RICK:  Did you do The Red Devil Battery Sign?

ADAMSON:  No.  No.

RICK:  I didn’t think so.  When Dr. K~ mentioned it in his e-mail, I wrote back that I didn’t remember . . . . Somebody recently did it, I think back in the ‘80s—WPA did it.  [It was the WPA Theatre, 26 Oct.-1 Dec. 1996—I was off a decade—with Elizabeth Ashley; the theater, which was in Chelsea, was an independent Off-Broadway company in New York City and should not be confused with the New Deal government program (which included the Federal Theatre Project).]

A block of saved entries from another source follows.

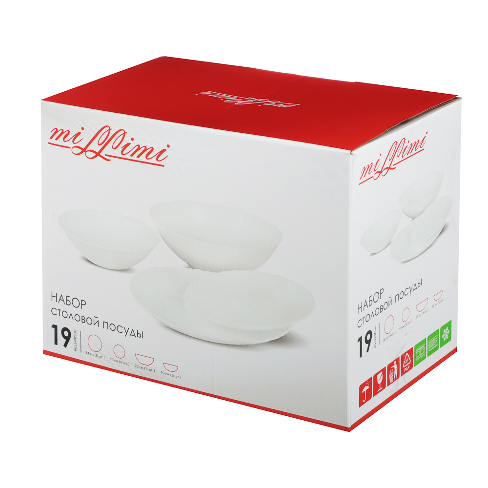 MILLIMI Бьянко Плюс Набор столовой посуды 19 пр., опаловое стеклоВопросы по товару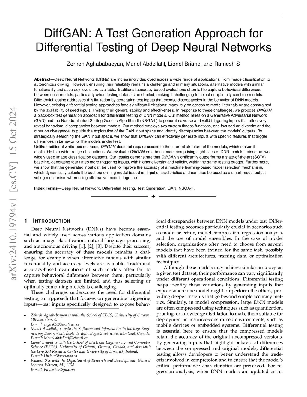 DiffGAN: A Test Generation Approach for Differential Testing of Deep Neural Networks for Image Analysis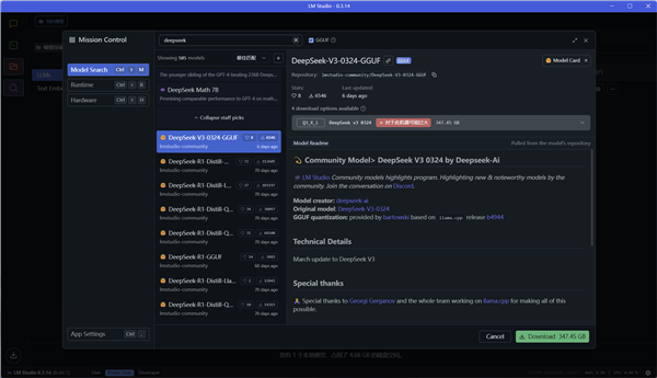 一些没有经过蒸馏的巨大模型也在其中,比如Deepseek-V3模型,体积高达347GB,LM Studio也会提示对于本机来说可能过大无法顺利运行。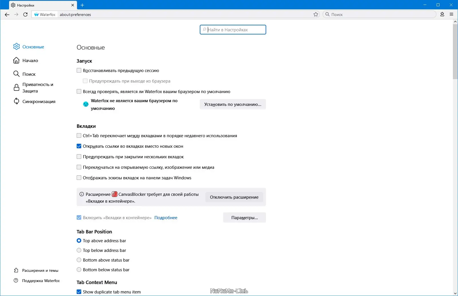 Работа с Waterfox

ADAMSON:  Oh, that could be.

RICK:  The late ‘80s. 

ADAMSON:  That could be.

RICK:  And it was in the early part of the revival of interest in his late plays. 

ADAMSON:  Hmm.

RICK:  I remember there being an article in American Theatre that made a point—that other people had been making, but it was the first time I’d seen it sort of written out—that the directors who had grown up with the Williams of Kazan and Mielziner and had that impression burned into their minds, that this was what Williams was, had not so much passed from the scene but their influence had been dissipated, and that these young directors—many of them not American—British or other non-Americans—were approaching the late Williams plays with a completely fresh mind—were not tainted by the idea that they all had to be Summer and Smoke and Streetcar.  [The article in question is Frank Rizzo, “Raising Tennessee: For a new generation of admirers, Williams is the playwright of the hour,” American Theatre 15.8 (Oct. 1998): 20-25.]

ADAMSON:  I think that’s a really good point.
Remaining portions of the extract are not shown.